More than 20 years ago I discovered something: When I stopped having dairy, I stopped having period pain. Since then, I’ve worked with thousands of patients and I’ve seen the same thing over and over. Stopping dairy can dramatically improve period pain, heavy periods, endometriosis, acne, and PMS.
Stopping dairy can improve period problems, but not every time. It depends on the person, and it depends on the type of dairy.
What’s the problem with dairy?
It’s not the fat
When it comes to ovulation and period health, fat is the best part of dairy. Full-fat dairy may help to promote ovulation and fertility.
It’s not the lactose
Lactose is the sugar in dairy, and it can be tricky to digest if you don’t make enough lactase (lactose-digesting enzyme). Lactose intolerance causes diarrhea and digestive bloating, but it does not cause period problems. Switching to lactose-free products might help your digestion, but it won’t help your period pain.
It might be the hormones
Milk naturally contains small amounts of over sixty different hormones including testosterone, progesterone, insulin, and a potent growth hormone called IGF-1. There’s debate about how much we’re affected by these tiny doses of external hormones. After all, we make a larger amount of the same hormones ourselves. Some experts believe that dairy hormones do affect us, and have linked them to an increased risk of prostate cancer and acne.
It’s probably the inflammatory A1 casein
As we saw in my A1 Milk Post, the biggest problem is a protein called A1 casein. In some people, A1 casein cleaves in the digestive tract to form a potent opiate-type molecule (called casomorphin or BCM7) that stimulates histamine and inflammatory cytokines. (For more information about histamine intolerance, please see my post The Curious Link Between Estrogen and Histamine Intolerance.)
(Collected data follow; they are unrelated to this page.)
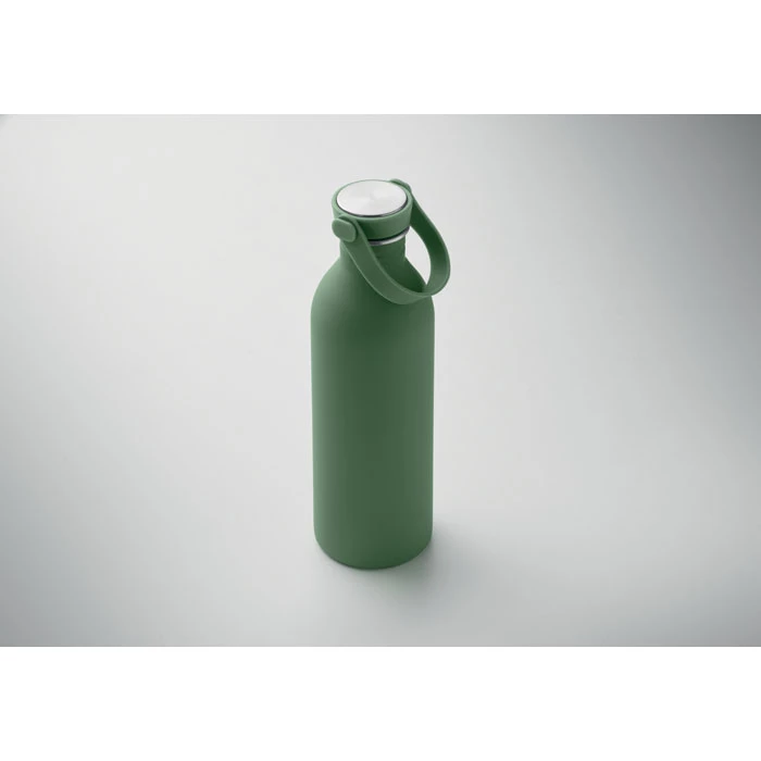 Jednościenna butelka 90% stal nierdzewna z recyklingu 10% stal nierdzewna. Gumowe wykończenie. Pokrywka z PP i SS sylikonowy uchwyt. 500 ml. Butelka jednościenna, może występować przenoszenie ciepła.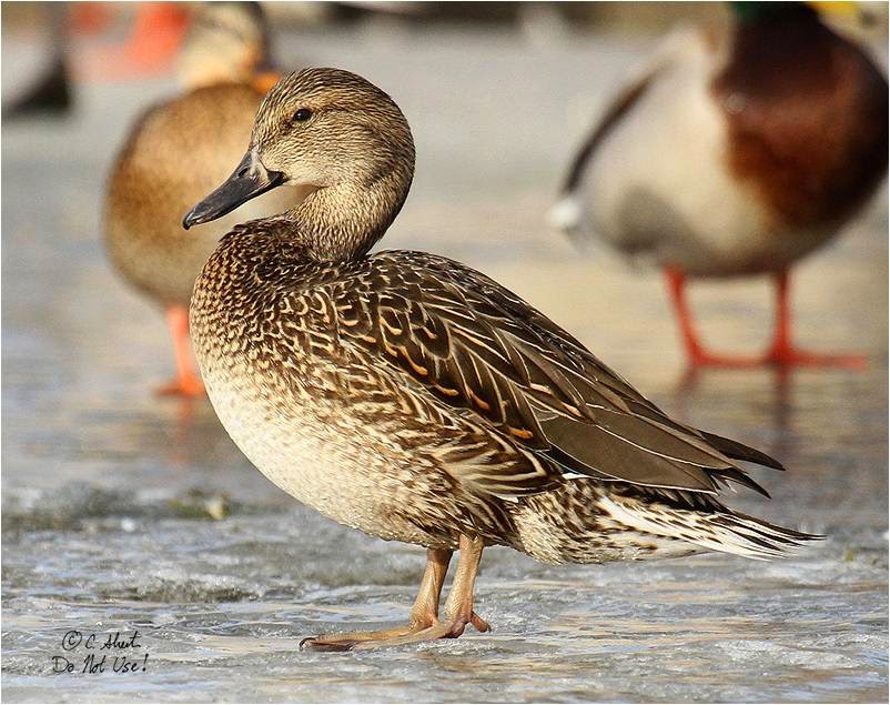 "Size was SLIGHTLY smaller than the female Mallards. Obvious green speculum feathers (where a female mallards are normally blue), bill blue, legs an interesting pink. Feather edging an the back an interesting cinnamon tone.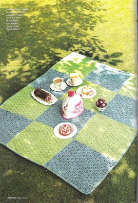 This is a pattern for a Lace and Texture Picnic Blanket, originally published in Knitting magazine. It is made up of squares in two stitches, a simple lace stitch and a cob nut textured stitch. It is sewn up and a crochet edge finishes the blanket. The yarn has now been discontinued, any yarn knitting to the tension can be used or a different tension for a different size. Photo Laurel Guilfoyle for Knitting magazine.

Histamine and inflammation can profoundly disturb periods. And that’s why dairy can cause period problems.
Not every person
Fortunately, A1 casein is not inflammatory for everyone. Some people don’t have the digestive enzyme that cleaves A1 casein, so they don’t form BCM7. But how do you know? Well, at this stage, there’s no easy test. There is a urine test for BCM7, but it’s not yet available for clinical use. To assess for a casein problem, I look for the tell-tale childhood symptoms of recurring tonsillitis, chest or ear infections. They were signs of casein immune disruption in childhood. They were outgrown but that doesn’t mean the underlying casein problem was outgrown. The casein symptoms merely changed to adult problems like recurring chest infections and period pain. Read: The Inflammation from A1 Milk Is Mind-Boggling.
Not every type of dairy
A1 casein is found only in the milk of Holstein (Friesian) cows, which are the main herds in the US, Canada, Australia, and the UK. There is no A1 casein in the milk from Jersey cows, goats, and sheep. Also, there is very little A1 casein in heavy cream, butter, or ricotta (a whey cheese)—so those foods are usually Ok.
To detect a casein sensitivity, try avoiding it
The best way to detect a casein problem is to avoid it for at least three months (even longer for acne). That’s how long it takes for your hormonal system to recover from dairy’s inflammatory effects.
Consider avoiding dairy if you suffer from one or more of following period problems:
Do you need dairy for calcium?
It was just too simple:
Dairy contains calcium, therefore dairy is good for bones.
Nice idea, but it doesn’t work like that. A recent large meta-analysis shows that milk-drinkers do not have better bones. In fact, some research suggests that milk-drinkers may actually have worse bones. That makes sense when we consider that dairy is inflammatory, and that inflammation is a major cause of osteoporosis.
Yes, humans need calcium but we don’t need milk. A recent Harvard study concluded that “humans have no nutritional requirement for animal milk.”
Other sources of calcium including green vegetables, almonds, salmon with bones, and goat and sheep dairy.
You can probably have goat or sheep milk products (as I explained above). You could try also alternatives such as almond milk and rice milk, but you might want to avoid too much soy milk (as we saw in the last post). You can try no milk. Most meals can be prepared without dairy, and remember, you can still have butter and goat cheese! If you love coffee, then have it black, or try it with a splash of heavy cream or coconut milk (very popular these days).
Bottom line about dairy and periods
I am not vehemently anti-dairy. For myself, and for many of my patients, I have found A1 casein to be a real problem. That said, I personally do eat full-fat A2 (goat or sheep) products, and I advise many of my patients to do the same.
Dairy has benefits. It’s a satisfying food, and it provides valuable nutrients such as protein and vitamin K2.